PhD student
Team : BD
Arrival date : 10/01/2021
    Sorbonne Université - LIP6
    Boîte courrier 169
    Couloir 25-26, Étage 5, Bureau 502
    4 place Jussieu
    75252 PARIS CEDEX 05

Tel: +33 1 44 27 87 56, Hamed.Rahimi (at) nulllip6.fr

Supervision : Bernd AMANN

Co-supervision : NAACKE Hubert

Semantization of large-scale scientific corpora - Application to the interactive analysis of the evolution of science

Today, Knowledge Graphs (KGs) are booming. DBPedia, Wikidata, and Yago provide encyclopedic knowledge on many concepts and entities and are only the most representative examples for many other knowledge graphs, which have reached a very high level of reliability and constitute an immense wealth to better understand the information of the past and produced in mass every day.
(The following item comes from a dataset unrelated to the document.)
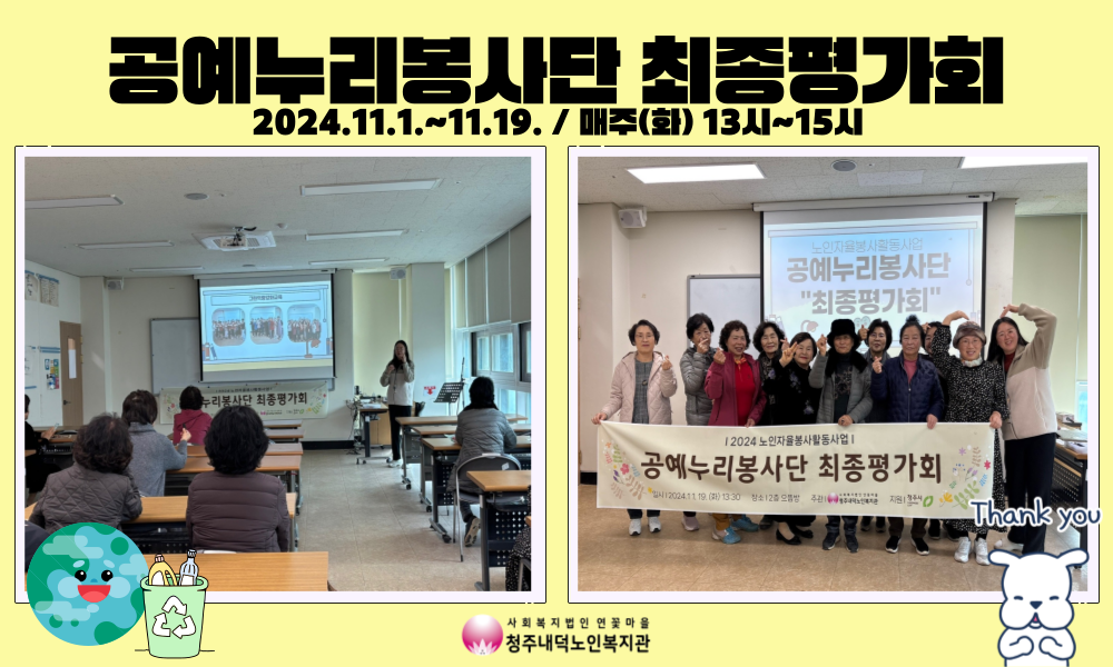 11월 활동을 끝으로 11월19일(화) 노인자율봉사활동사업인 공예누리봉사단 최종평가회가 진행되었습니다.

KGs describe knowledge based on the RDF standard and can be queried using the SPARQL query language. On the other hand, a lot of knowledge is produced in textual form and published as articles in scientific archives like Web of Science, ISTEX, citeSeer, and arXiv. In order to facilitate the exploration and the global analysis of the knowledge represented in these scientific archives, the existing approaches consist of describing (indexing) the documents by sets of terms that do not capture all the conceptual nuances necessary to build maps describing the semantic and temporal (evolution) relationships between research topics and scientific domains. Structuring this knowledge to integrate it into acknowledge graph is difficult and still requires a significant human effort. As a result, the more semantic analysis of knowledge in scientific corpora is hampered by a lack of semantic representation of scientific concepts. In this study, we aim to build semantic topic evaluations in order to characterize the temporal evolution of science by building topic evolution graphs. Besides, we will investigate evolution pattern queries that consist of combining various models, tools, and resources from text mining, machine learning, databases, and semantic web (RDF/SPARQL, Wikidata, DBPedia, Yago).